We've spent the last several days meeting with contractors, restoration experts, tree removal companies and insurance adjusters.  As you may know, Building 1 is going to be a total loss.  We are waiting on more information from the insurance adjuster now.

We've hired a restoration company for the water removal, mold removal, mold remediation and water damage. A separate construction company will be doing the roof replacement, and rebuilding of the damaged units and buildings.  This construction company has worked with SPM on several projects and has a good reputation with them.

We currently have the restoration company on property taking out the wet walls, ceilings and carpets in Units 233 and 234.  Once that is completed, they will begin drying these units and finish up with a spraying process to prevent any future mold.  Our hopes are to have Units 233 and 234 back up and running in a couple weeks. This same removal, drying and spraying process will be applied to Building 1 as well. 

Building 1 is going to be down for several months.  An exact timeline has yet to be determined. My best guess would have it down through January and possibly February.  The demo on Building 1 should start next week.  From our discussions with the the insurance adjuster, demo should take between 4 and 6 weeks.

The staff has been working very hard.  We've gathered all available inventory from Building 1, washed it and stored it in other buildings to be reused.  Masks were worn during the entry of Building 1 and are required for future entry; although at this point, there is no need for any staff member to be in that building.  We are encouraging everyone to stay out.

Everyone is in good spirits and we are slowly getting ready for our owners and guests to return.

Attached are some more pictures.  As you will see, the mold in Building 1 is getting pretty bad. The demo pictures are of Building 2. 

As always, please call or email with any questions.  Yes, the phones are finally working!

Regards,

Royal Dunes Management


----------



## DianneL (Oct 24, 2016)

*Update*

Thanks for the above update.

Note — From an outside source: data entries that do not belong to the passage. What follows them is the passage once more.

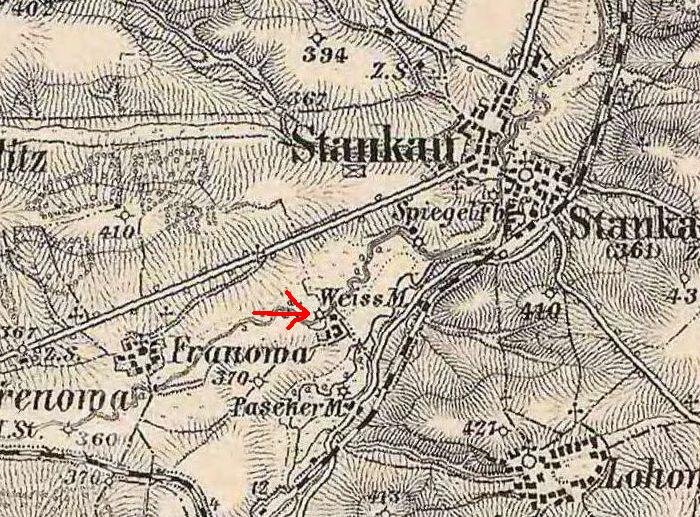 1651 Soupis poddaných podle víry: mlynář Petr Egleštiein (41 let), manželka Alena (31), syn Jiřík Egleštian (11), všichni cizopanští (poddaní hraběte z Trautmansdorfu) a katolíci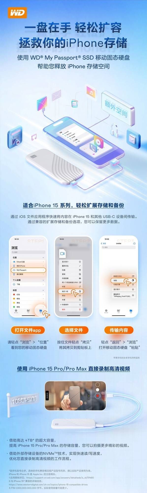 除了外观上的惊喜,软件服务上也大有突破。西数My Passport随行SSD版移动固态硬盘兼容多种设备使用场景,除了常见的搭配电脑使用之外,还可以连接手机,特别是iPhone 15系列。一方面,利用兼容的USB-C 接口,将iPhone15系列打造成强大的内容存储工具,实现扩展手机存储空间和重要数据备份。另一方面,配合iPhone 15 Pro/Pro Max系列还可以支持高清视频直录功能。把西数My Passport随行SSD版移动固态硬盘连接到iPhone 15 Pro/Pro Max之后即可快速识别,此时,我们就可以录制高清视频并保存在移动固态硬盘中。借助高达 4TB* 的大容量,扩展iPhone 15 Pro/Pro Max的存储空间,可以拍摄更多精彩的视频。同时,借助外部存储设备的NVMe技术,实现快速读/写,优化直接录制高清视频的工作流程。西数My Passport随行SSD版移动固态硬盘,让 iPhone 15不仅是一部智能手机,也是一个具有无限可能性的中心。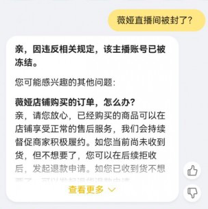 对此,淘宝客服表示,因违反相关规定,该主播账号已被冻结。紧接着,薇娅的微博和抖音等账号也都被封,这处理速度要远比雪梨和林珊珊还要快。

I am an owner at Royal Dunes but did not receive this info.


----------



## Pat H (Oct 25, 2016)

So sorry to hear about Royal Dunes.


----------



## pedro47 (Oct 25, 2016)

All four (4) buildings at Royal Dunes are surrounded by tall pine trees. I pray that the resort can be restored to its original looks inside & out. The staff & management at this  resort is great dealing with guests & owners.


----------



## Ann-Marie (Oct 25, 2016)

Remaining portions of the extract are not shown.